• **INFORMATION SHOWN**:
_ _ _ _ _

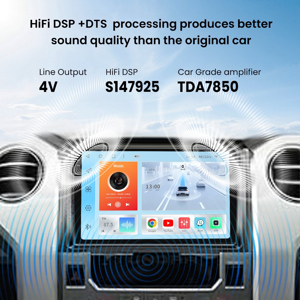TDA7850 4*50W amplifier chip and optical output make for a superb sound journey,Experience premium in-car sound with an advanced HiFi DSP audio processor combined with a DTS sound enhancement system.
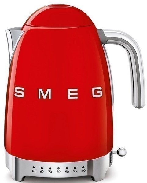 SMEG Wasserkocher mit Temperatureinstellung 50-100°C Edelstahl Kocher,2400,00 W, 360°Basis elektrischer Wasser Kocher mit Temperatureinstellung Rot
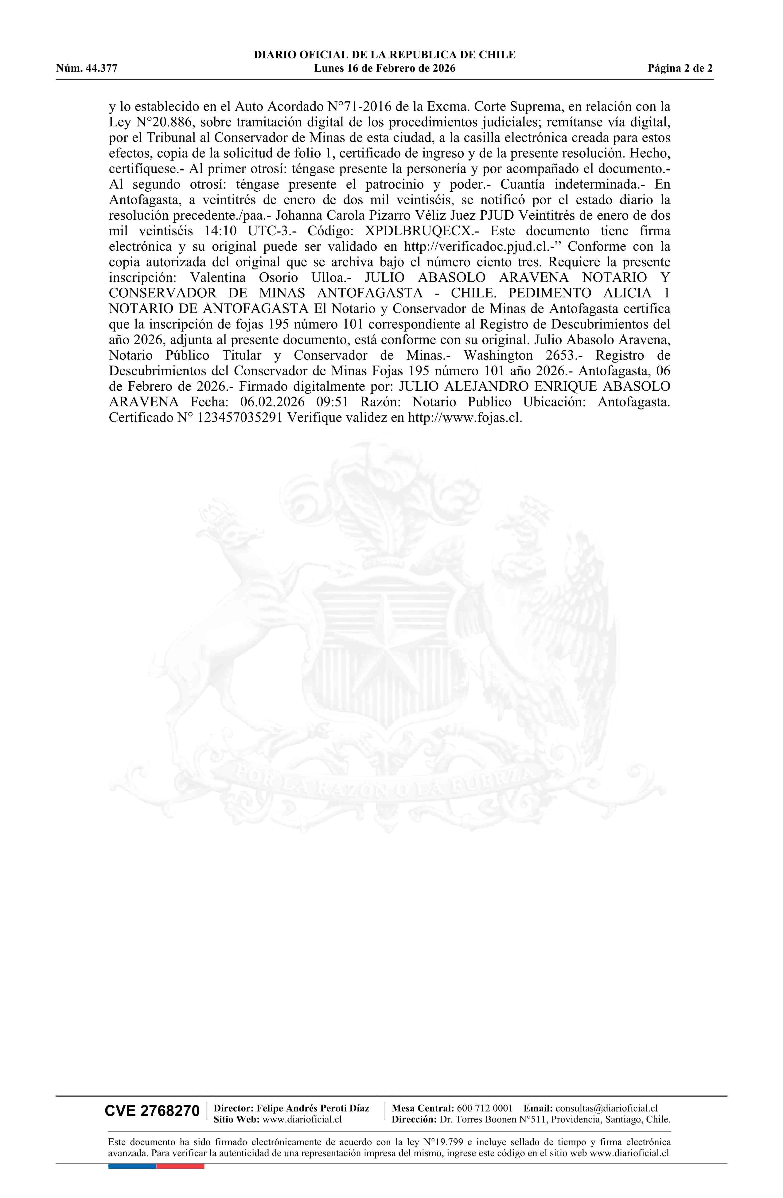 ALICIA 1 / Minera Meridian Limitada 16-02-2026 DIARIO OFICIAL CHILE - BOLETÍN OFICIAL DE MINERÍA |
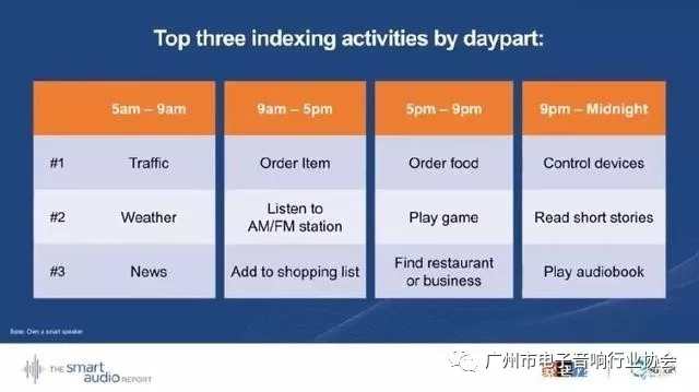 在晚上9點到凌晨這一時段內(nèi),智能音箱的排行前三位的索引任務是控制家用電器,讀短篇故事和播放音頻有聲讀物。

_ _ _ _ _

• **EXERCISE INSTRUCTIONS**: Ignoring the pictures, write out word for word the lines from the line containing "ALICIA 1 / Minera" through the end of the material above.

• **EXERCISE RESULT**:
 ALICIA 1 / Minera Meridian Limitada 16-02-2026 DIARIO OFICIAL CHILE - BOLETÍN OFICIAL DE MINERÍA |
 在晚上9點到凌晨這一時段內(nèi),智能音箱的排行前三位的索引任務是控制家用電器,讀短篇故事和播放音頻有聲讀物。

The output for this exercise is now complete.